Task goal -> Pictures in the listing below are skipped, while the lines from the "Make bedtime even" line through the "There was a" line are returned word for word.

Given entries ->
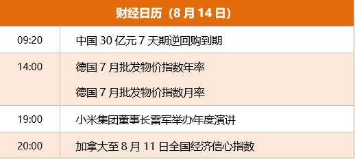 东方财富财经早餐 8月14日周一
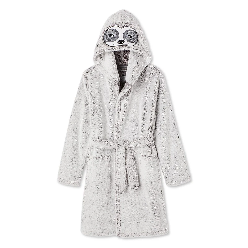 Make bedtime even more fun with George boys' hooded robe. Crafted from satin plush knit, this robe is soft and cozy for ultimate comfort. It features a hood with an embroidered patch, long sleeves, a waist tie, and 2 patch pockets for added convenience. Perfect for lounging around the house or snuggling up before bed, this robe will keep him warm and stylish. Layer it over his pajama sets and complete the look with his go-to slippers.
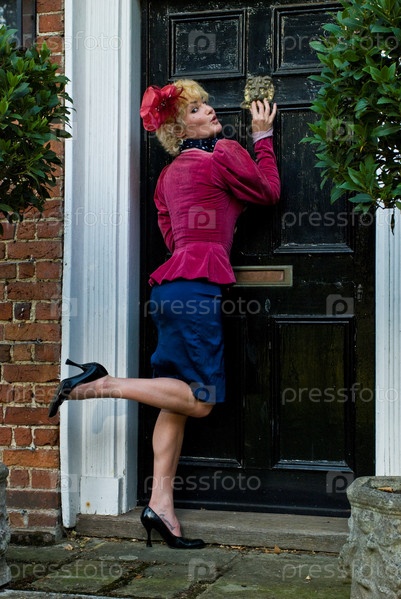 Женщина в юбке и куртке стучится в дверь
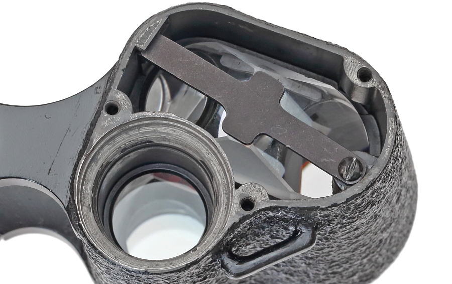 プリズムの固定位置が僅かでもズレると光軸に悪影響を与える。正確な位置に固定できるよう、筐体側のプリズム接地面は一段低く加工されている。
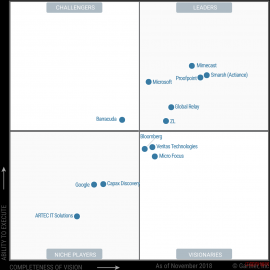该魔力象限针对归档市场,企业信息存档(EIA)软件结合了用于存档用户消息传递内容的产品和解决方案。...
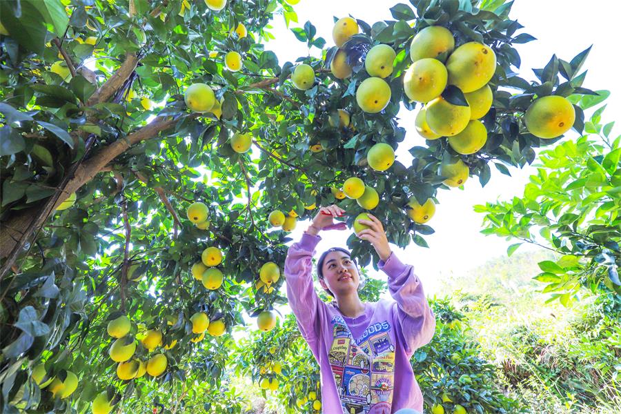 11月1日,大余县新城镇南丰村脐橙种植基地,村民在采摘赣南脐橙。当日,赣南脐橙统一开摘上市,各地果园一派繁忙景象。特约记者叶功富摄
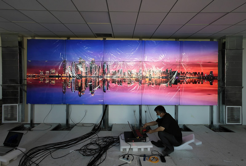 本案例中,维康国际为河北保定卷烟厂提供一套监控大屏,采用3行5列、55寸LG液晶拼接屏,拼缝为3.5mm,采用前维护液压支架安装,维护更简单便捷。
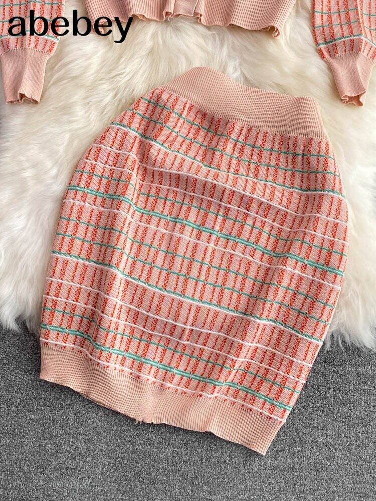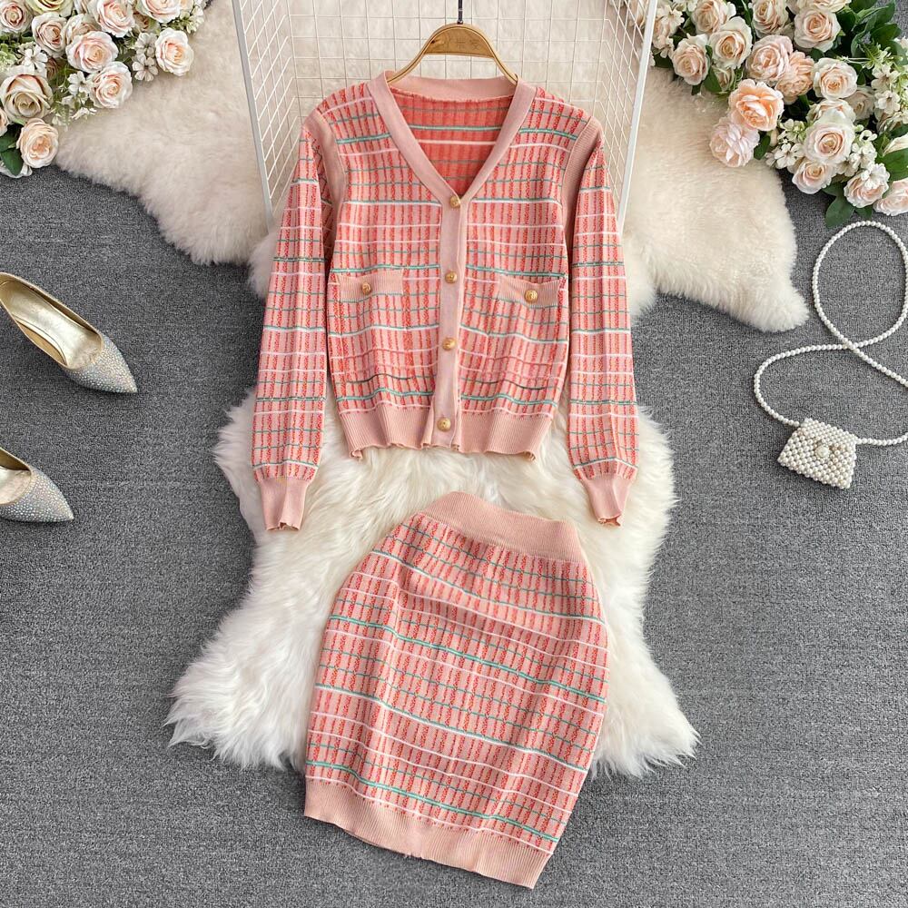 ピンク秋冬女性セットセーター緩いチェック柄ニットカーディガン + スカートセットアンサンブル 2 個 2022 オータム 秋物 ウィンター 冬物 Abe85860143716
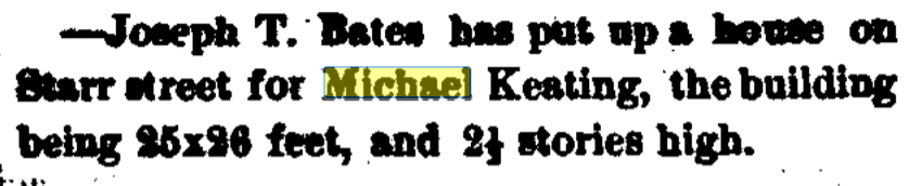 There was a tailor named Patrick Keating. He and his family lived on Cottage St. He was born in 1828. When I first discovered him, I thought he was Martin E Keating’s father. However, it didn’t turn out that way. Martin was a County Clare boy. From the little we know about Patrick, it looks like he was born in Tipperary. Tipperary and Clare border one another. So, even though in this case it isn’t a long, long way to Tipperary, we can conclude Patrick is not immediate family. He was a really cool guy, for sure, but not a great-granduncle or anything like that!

==

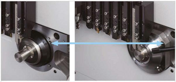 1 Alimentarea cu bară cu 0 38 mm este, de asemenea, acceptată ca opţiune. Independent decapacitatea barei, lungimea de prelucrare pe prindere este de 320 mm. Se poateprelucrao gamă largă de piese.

---

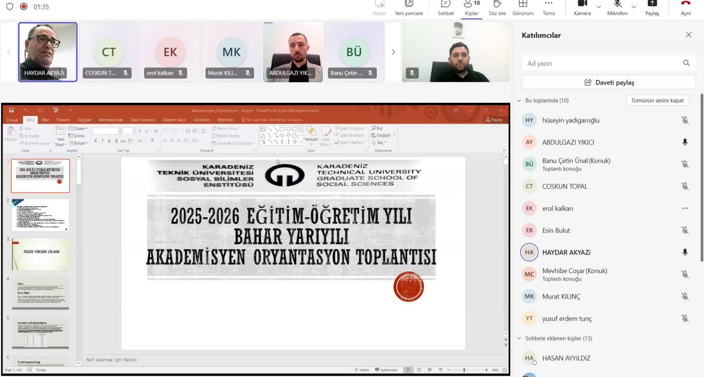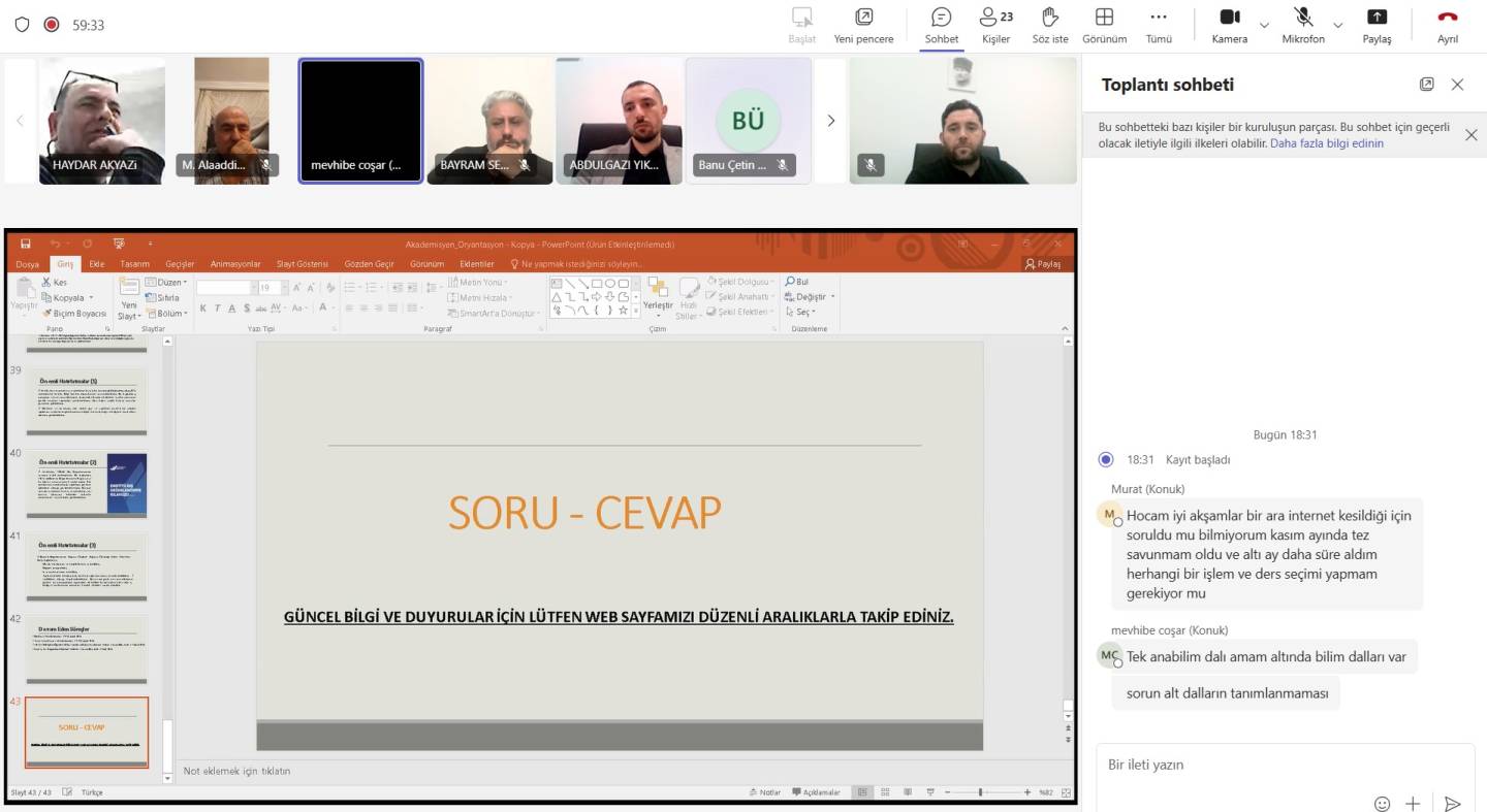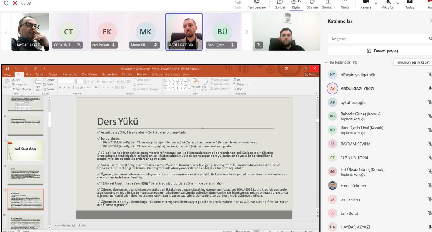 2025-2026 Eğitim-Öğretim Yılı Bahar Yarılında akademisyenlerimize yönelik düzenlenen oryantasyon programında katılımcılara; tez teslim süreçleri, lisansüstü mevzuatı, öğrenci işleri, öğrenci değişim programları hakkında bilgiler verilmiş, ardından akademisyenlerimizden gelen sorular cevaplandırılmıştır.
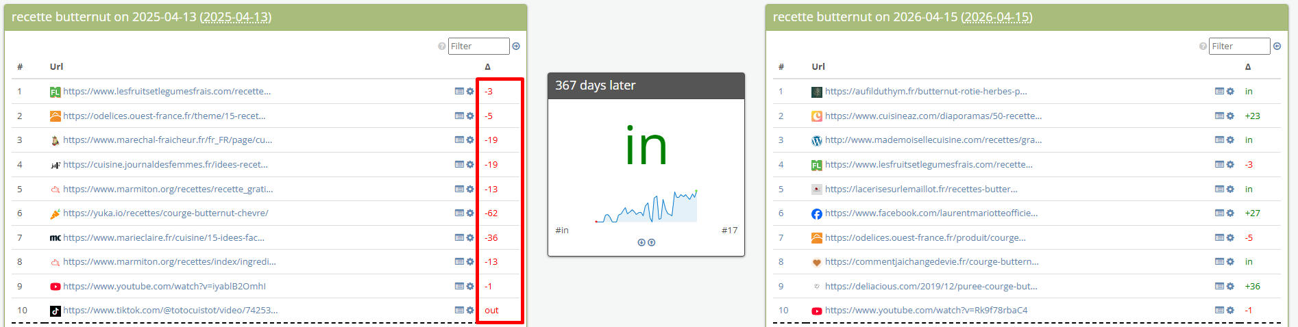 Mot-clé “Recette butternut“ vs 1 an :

Exercise response ->
 Make bedtime even more fun with George boys' hooded robe. Crafted from satin plush knit, this robe is soft and cozy for ultimate comfort. It features a hood with an embroidered patch, long sleeves, a waist tie, and 2 patch pockets for added convenience. Perfect for lounging around the house or snuggling up before bed, this robe will keep him warm and stylish. Layer it over his pajama sets and complete the look with his go-to slippers.
 Женщина в юбке и куртке стучится в дверь
 プリズムの固定位置が僅かでもズレると光軸に悪影響を与える。正確な位置に固定できるよう、筐体側のプリズム接地面は一段低く加工されている。
该魔力象限针对归档市场,企业信息存档(EIA)软件结合了用于存档用户消息传递内容的产品和解决方案。...
 11月1日,大余县新城镇南丰村脐橙种植基地,村民在采摘赣南脐橙。当日,赣南脐橙统一开摘上市,各地果园一派繁忙景象。特约记者叶功富摄
 本案例中,维康国际为河北保定卷烟厂提供一套监控大屏,采用3行5列、55寸LG液晶拼接屏,拼缝为3.5mm,采用前维护液压支架安装,维护更简单便捷。
 ピンク秋冬女性セットセーター緩いチェック柄ニットカーディガン + スカートセットアンサンブル 2 個 2022 オータム 秋物 ウィンター 冬物 Abe85860143716
 There was a tailor named Patrick Keating. He and his family lived on Cottage St. He was born in 1828. When I first discovered him, I thought he was Martin E Keating’s father. However, it didn’t turn out that way. Martin was a County Clare boy. From the little we know about Patrick, it looks like he was born in Tipperary. Tipperary and Clare border one another. So, even though in this case it isn’t a long, long way to Tipperary, we can conclude Patrick is not immediate family. He was a really cool guy, for sure, but not a great-granduncle or anything like that!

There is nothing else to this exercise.